Елена ДУБРОВИНА. Тема одиночества в поэзии первой волны эмиграции
Что жизнь моя, и смерть моя, и сны
Тебе совсем не нужны и скучны,
Что я везде – о, это видит Бог! –
Так навсегда, так страшно одинок.
Вл. Смоленский
Тема одиночества была особенно актуальна для русской послереволюционной диаспоры. Николай Бердяев углубил ее в книге «Я и мир объектов. Философия одиночества и общения». Книга вышла в 1934 году и вызвала широкий отклик в печати, как у литераторов, так и философов. Проблема заключалась в том, люди, оставившие родину, из среды привычной попадают в чуждое и незнакомое им окружение. То есть, по словам Бердяева, люди оказываются в новом вселенском пространстве, «в мировом пространстве с мировым горизонтом», и тогда происходит как бы конфликт с окружающей чужеродной средой, что только усугубляет чувство одиночества. «Выход личности из родового быта сопровождается чувством одиночества», — пишет Бердяев.

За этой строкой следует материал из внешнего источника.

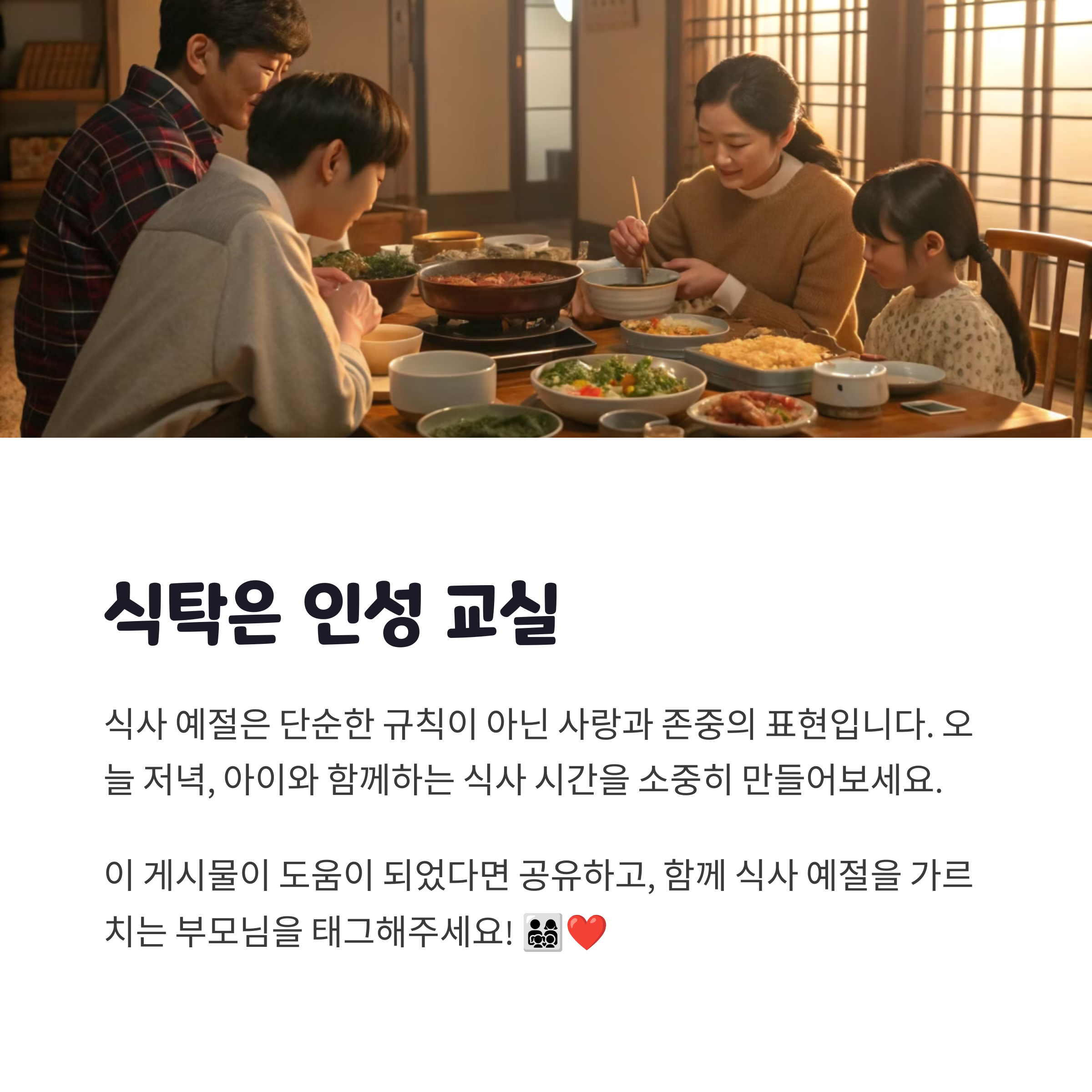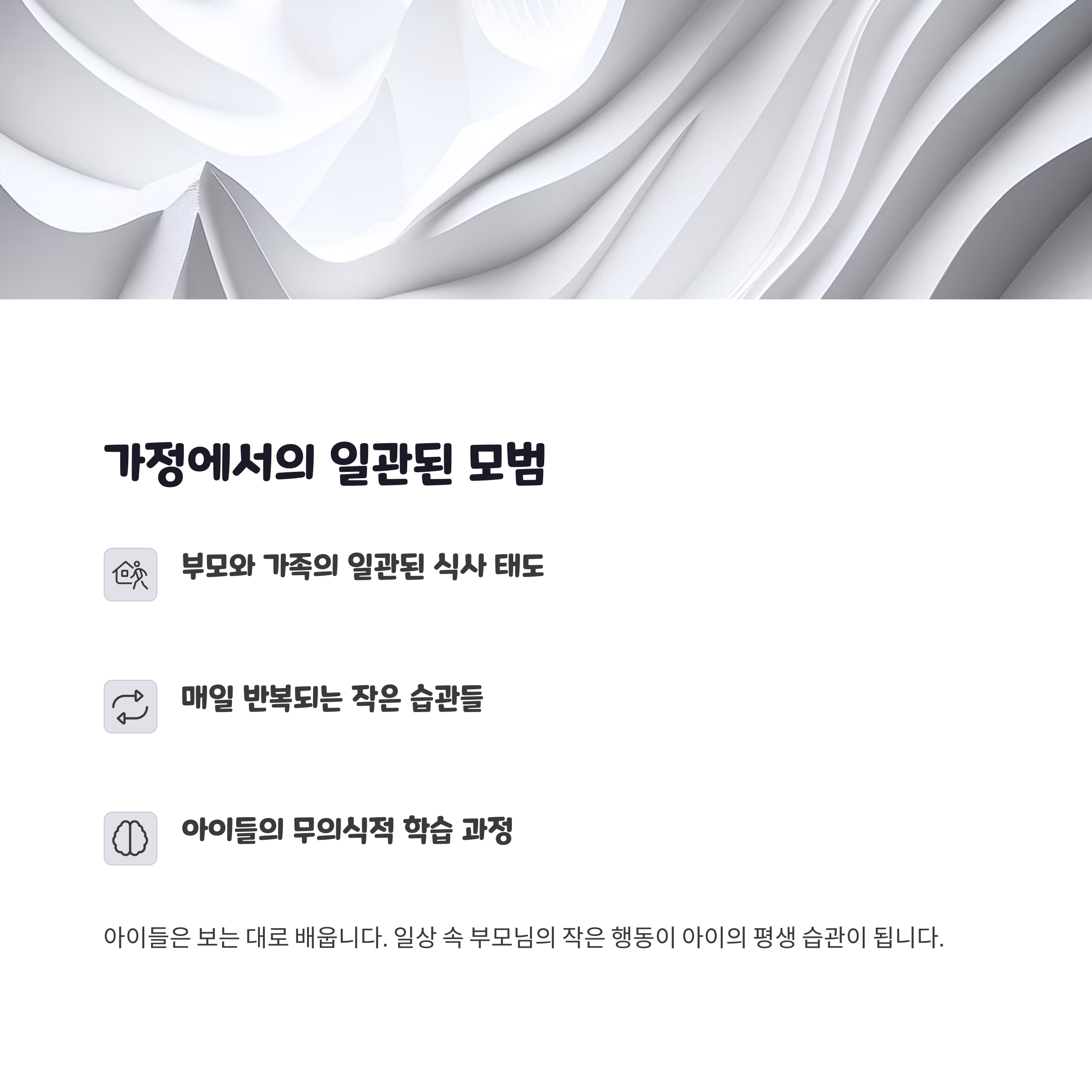 | 가족의 식사 태도가 최고의 교육이 됩니다. | 칭찬과 공감이 아이 행동을 긍정적으로 이끕니다. | 정해진 규칙보다 분위기와 일관성이 더 중요합니다. |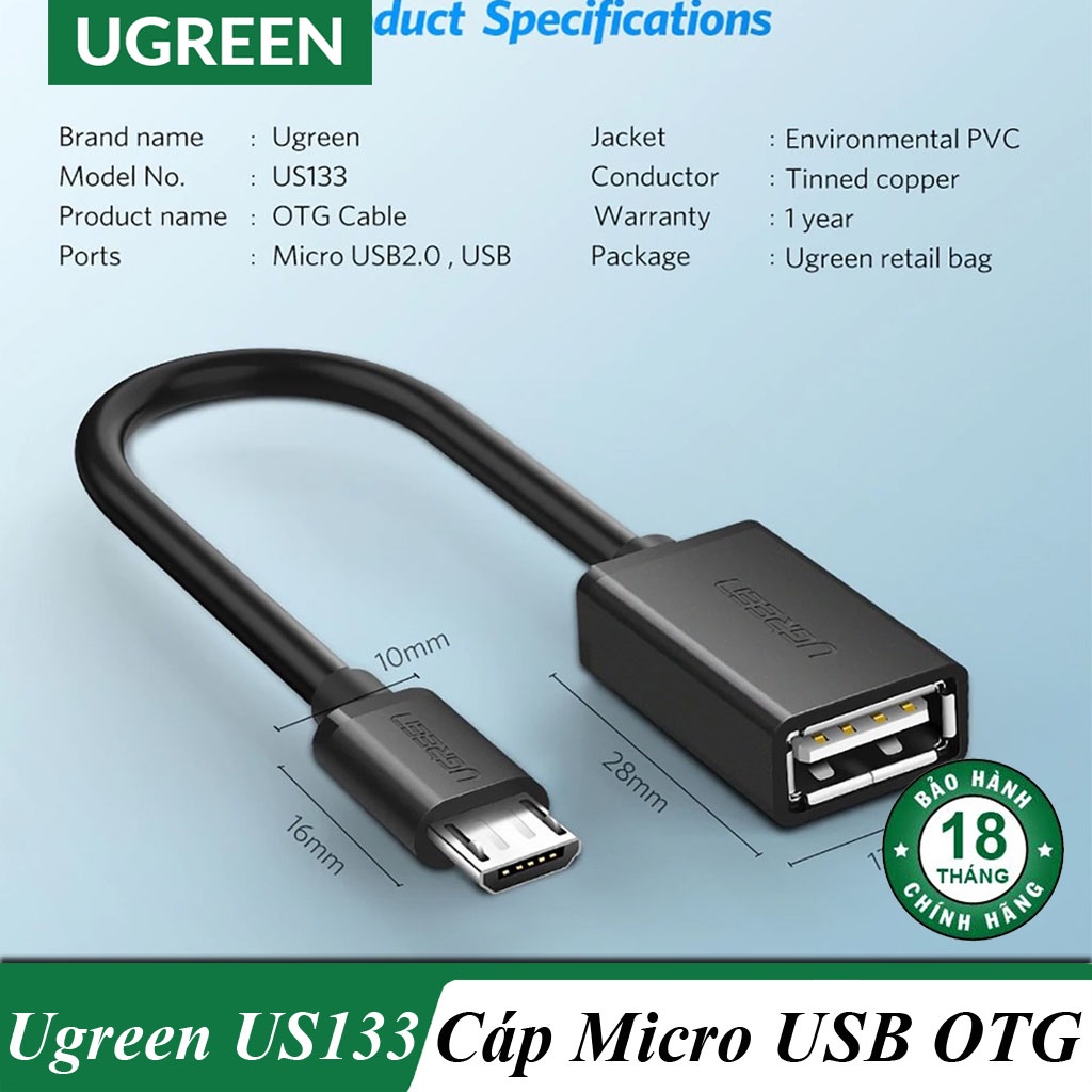 THÔNG SỐ KỸ THUẬT: Cáp Micro USB 2.0 OTG Ugreen US133

Долгое пребывание в изоляции от мира, рождает глубокое чувство ненужности, удрученности — это состояние трагическое, которое часто приводило к самоубийству. Проблема одиночества стала для многих эмигрантов проблемой смерти. Смерть, по словам Бердяева, это — «выпадение из Божьего мира». Так, например, одной из главных тем поэзии Бориса Поплавского стала — смерть, а так же отверженность, неумение приспособиться к новому миру. Он писал:
Испей вина, прочтем стихи друг другу,
Забудем мир. Мне мир невыносим –
Он только слабость, солнечная вьюга
В сияньи роковом нездешних зим.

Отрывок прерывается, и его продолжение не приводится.